- _PROBLEM DESCRIPTION_
Every entry, start to finish, should be printed verbatim without pictures.

----- MATERIAL PROVIDED -----

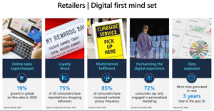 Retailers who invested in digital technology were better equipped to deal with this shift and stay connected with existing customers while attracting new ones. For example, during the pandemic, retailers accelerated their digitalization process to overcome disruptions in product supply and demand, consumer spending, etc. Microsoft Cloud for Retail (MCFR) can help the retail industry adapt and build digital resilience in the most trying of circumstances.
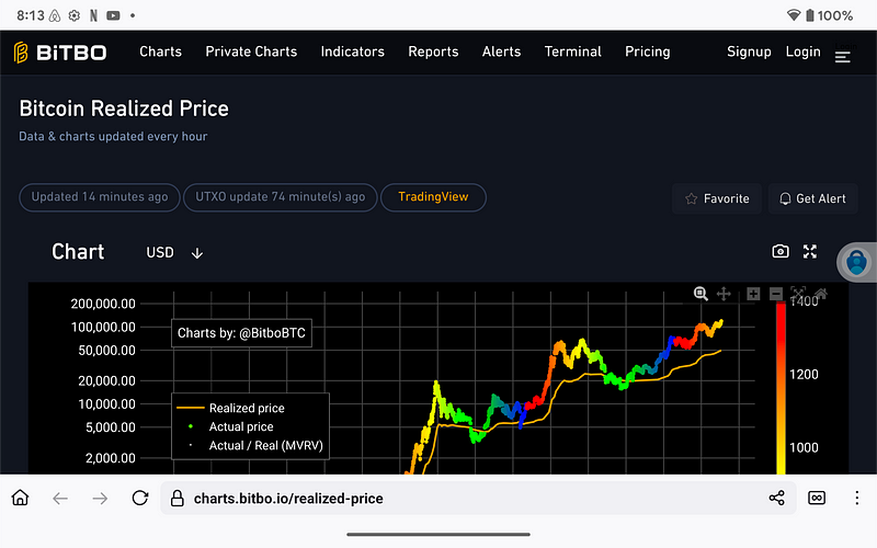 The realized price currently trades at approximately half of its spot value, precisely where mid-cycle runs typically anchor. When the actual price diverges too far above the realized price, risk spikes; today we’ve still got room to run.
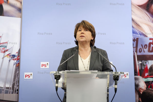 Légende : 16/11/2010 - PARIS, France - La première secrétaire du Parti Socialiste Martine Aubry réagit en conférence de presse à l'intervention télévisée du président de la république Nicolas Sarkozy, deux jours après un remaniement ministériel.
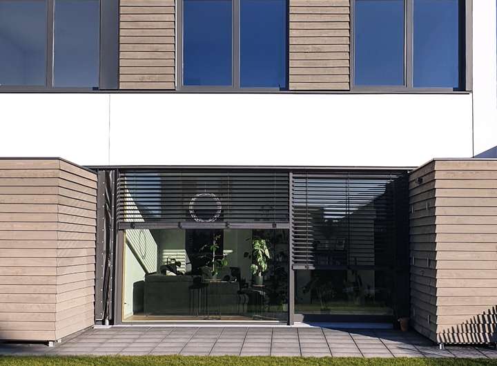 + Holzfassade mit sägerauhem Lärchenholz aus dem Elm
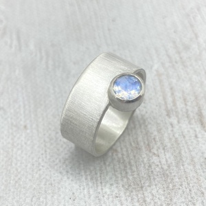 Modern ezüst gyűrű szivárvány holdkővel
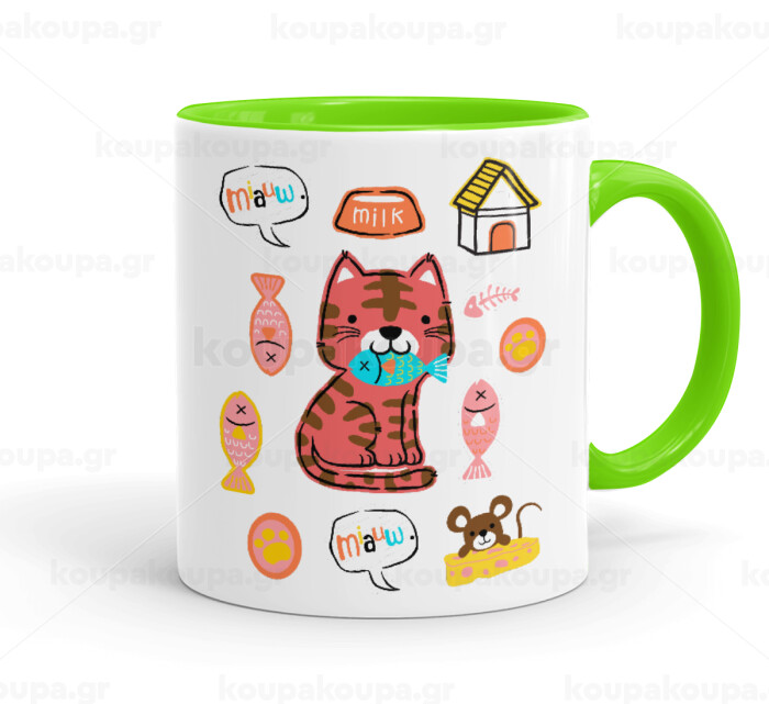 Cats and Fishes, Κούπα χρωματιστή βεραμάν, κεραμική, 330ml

-----

- _RESPONSE AREA_
 Retailers who invested in digital technology were better equipped to deal with this shift and stay connected with existing customers while attracting new ones. For example, during the pandemic, retailers accelerated their digitalization process to overcome disruptions in product supply and demand, consumer spending, etc. Microsoft Cloud for Retail (MCFR) can help the retail industry adapt and build digital resilience in the most trying of circumstances.
 The realized price currently trades at approximately half of its spot value, precisely where mid-cycle runs typically anchor. When the actual price diverges too far above the realized price, risk spikes; today we’ve still got room to run.
 Légende : 16/11/2010 - PARIS, France - La première secrétaire du Parti Socialiste Martine Aubry réagit en conférence de presse à l'intervention télévisée du président de la république Nicolas Sarkozy, deux jours après un remaniement ministériel.
 + Holzfassade mit sägerauhem Lärchenholz aus dem Elm
 Modern ezüst gyűrű szivárvány holdkővel
 Cats and Fishes, Κούπα χρωματιστή βεραμάν, κεραμική, 330ml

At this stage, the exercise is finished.